Your instructions. Leave the pictures aside and copy all the data exactly.

Data extract.
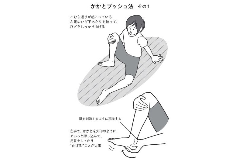 「こむら返りリセット法」を続けることで、こむら返りを防ぐことが期待できるが、それでもこむら返りが起きてしまったときは「かかとプッシュ法」がおすすめだ。こむら返りが起こったとき、急いで足を伸ばそうとする人が多いが、実際は「しっかり足首を曲げる」のが正解。「かかとプッシュ法」であれば、足首を曲げることで腱紡錘を刺激でき、脊髄から筋肉に、筋肉を伸ばす指令を出すことができる。
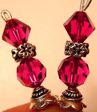 Fun Fuchsia This is a double dose of Swarovski crystal! Fabulous Fuchsia in bicones and rounds make this pair a beautiful, brilliant choice. Silver floral ring accents complete the pair. Price: $22.00 on straight sticks, see pricing guide when topper is put on Ketylo sticks.
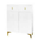 This elegant sideboard boasts a sophisticated design, featuring two drawers and two doors, each beautifully adorned with textured paneling. Inside, two adjustable shelves provide customized storage solutions, making this piece highly versatile for use as a sideboard, shoe cabinet, or even a dressing table, adapting seamlessly to a variety of living scenarios. The doors are equipped with soft-close hinges, ensuring a secure and smooth closing mechanism and preventing sudden closures. Furthermore, the cabinet incorporates a push-open mechanism, eliminating the need for visible handles to maintain a sleek, monolithic appearance. The gold-plated handles and legs not only facilitate ease of use but also add a touch of luxury and elegance, making this sideboard a perfect blend of functionality and style.
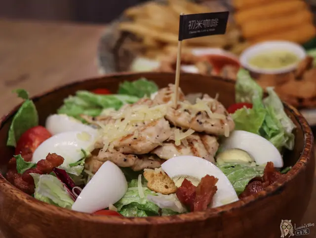 沙拉裡面還有培根,配上起司與凱薩醬,吃起來鹹度比較高一些

Reply.
 「こむら返りリセット法」を続けることで、こむら返りを防ぐことが期待できるが、それでもこむら返りが起きてしまったときは「かかとプッシュ法」がおすすめだ。こむら返りが起こったとき、急いで足を伸ばそうとする人が多いが、実際は「しっかり足首を曲げる」のが正解。「かかとプッシュ法」であれば、足首を曲げることで腱紡錘を刺激でき、脊髄から筋肉に、筋肉を伸ばす指令を出すことができる。
 Fun Fuchsia This is a double dose of Swarovski crystal! Fabulous Fuchsia in bicones and rounds make this pair a beautiful, brilliant choice. Silver floral ring accents complete the pair. Price: $22.00 on straight sticks, see pricing guide when topper is put on Ketylo sticks.
 This elegant sideboard boasts a sophisticated design, featuring two drawers and two doors, each beautifully adorned with textured paneling. Inside, two adjustable shelves provide customized storage solutions, making this piece highly versatile for use as a sideboard, shoe cabinet, or even a dressing table, adapting seamlessly to a variety of living scenarios. The doors are equipped with soft-close hinges, ensuring a secure and smooth closing mechanism and preventing sudden closures. Furthermore, the cabinet incorporates a push-open mechanism, eliminating the need for visible handles to maintain a sleek, monolithic appearance. The gold-plated handles and legs not only facilitate ease of use but also add a touch of luxury and elegance, making this sideboard a perfect blend of functionality and style.
 沙拉裡面還有培根,配上起司與凱薩醬,吃起來鹹度比較高一些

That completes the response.